Clearly (0,0) satisfies the inequation −x1 + 3x2 ≤ 10 .So,the region in the plane which contain the origin represents the solution set of the inequation
−x1 + 3x2 ≤ 10.
Region represented by x1 + x2 ≤ 6:
The line x1 + x2 = 6 meets the coordinate axes at C(6, 0) and D(0, 6) respectively. By joining these points we obtain the line x1 + x2 = 6.Clearly (0,0) satisfies the inequation x1 + x2 ≤ 6. So,the region containing the origin represents the solution set of the inequation x1 + x2 ≤ 6.
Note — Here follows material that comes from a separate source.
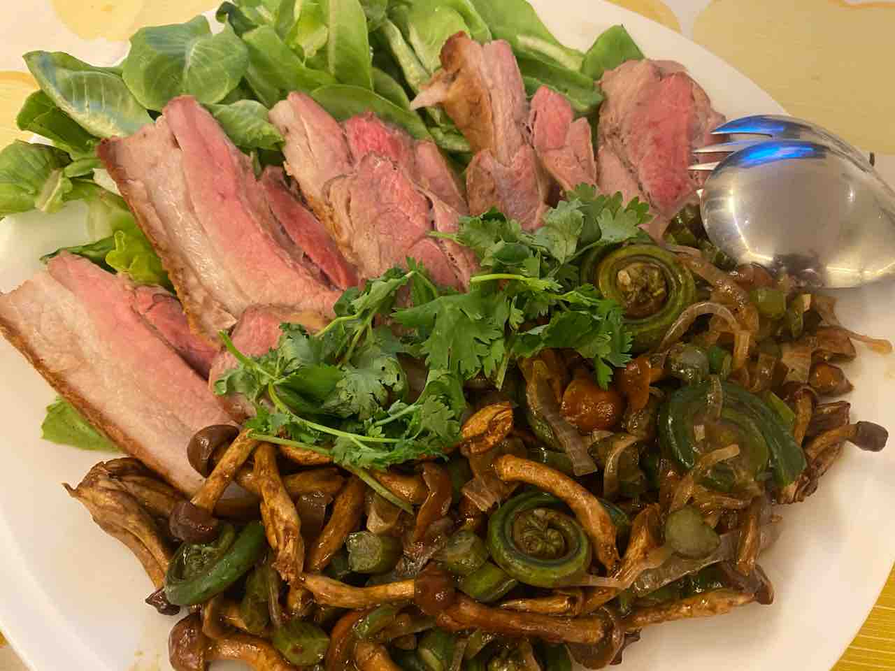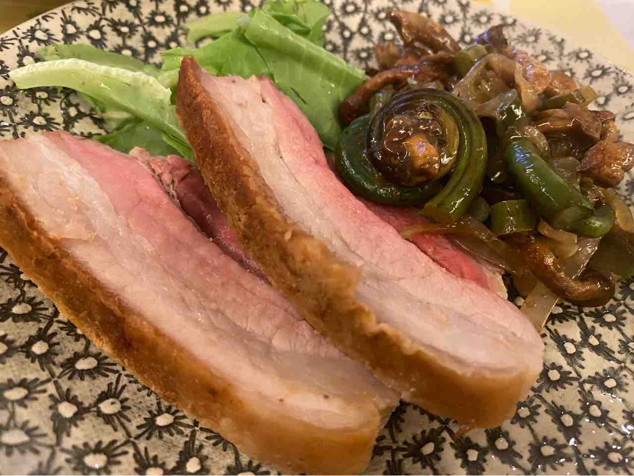 同じくNature’s Shop で購入した豚バラ塊をカリカリ塩焼きにして、なめこと一緒に山菜付け合わせにして、頂きました。

Region represented by x1− x2 ≤ 2:
The line x1 − x2 = 2 meets the coordinate axes at E(2, 0) and F(0, −2) respectively. By joining these points we obtain the line x1 − x2 = 2.Clearly (0,0) satisfies the inequation x1− x2 ≤ 2. So,the region containing the origin represents the solution set of the inequation x1− x2 ≤ 2.
Region represented by x1 ≥ 0 and x2 ≥ 0:
Since, every point in the first quadrant satisfies these inequations. So, the first quadrant is the region represented by the inequations x1 ≥ 0 and x2 ≥ 0.
The feasible region determined by the system of constraints, −x1 + 3x2 ≤ 10, x1 + x2 ≤ 6, x1− x2 ≤ 2, x1 ≥ 0, and x2 ≥ 0, are as follows.
The corner points of the feasible region are O(0, 0), E(2, 0), H(4, 2), G(2, 4) and \[B\left( 0, \frac{10}{3} \right)\] .
The values of Z at these corner points are as follows.
| Corner point | Z = −x1 + 2x2 |
| O(0, 0) | −1 × 0 + 2 × 0 = 0 |
| E(2, 0) | −1 × 2 + 2 × 0 = −2 |
| H(4, 2) | −1 × 4 + 2 × 2 = 0 |
| G(2, 4) | −1 × 2 + 2 × 4 = 6 |
|
\[B\left( 0, \frac{10}{3} \right)\]
|
−1 × 0 + 2 × \[\frac{10}{3}\]= \[\frac{20}{3}\]
|
We see that the maximum value of the objective function Z is \[\frac{20}{3}\]which is at \[B\left( 0, \frac{10}{3} \right)\] .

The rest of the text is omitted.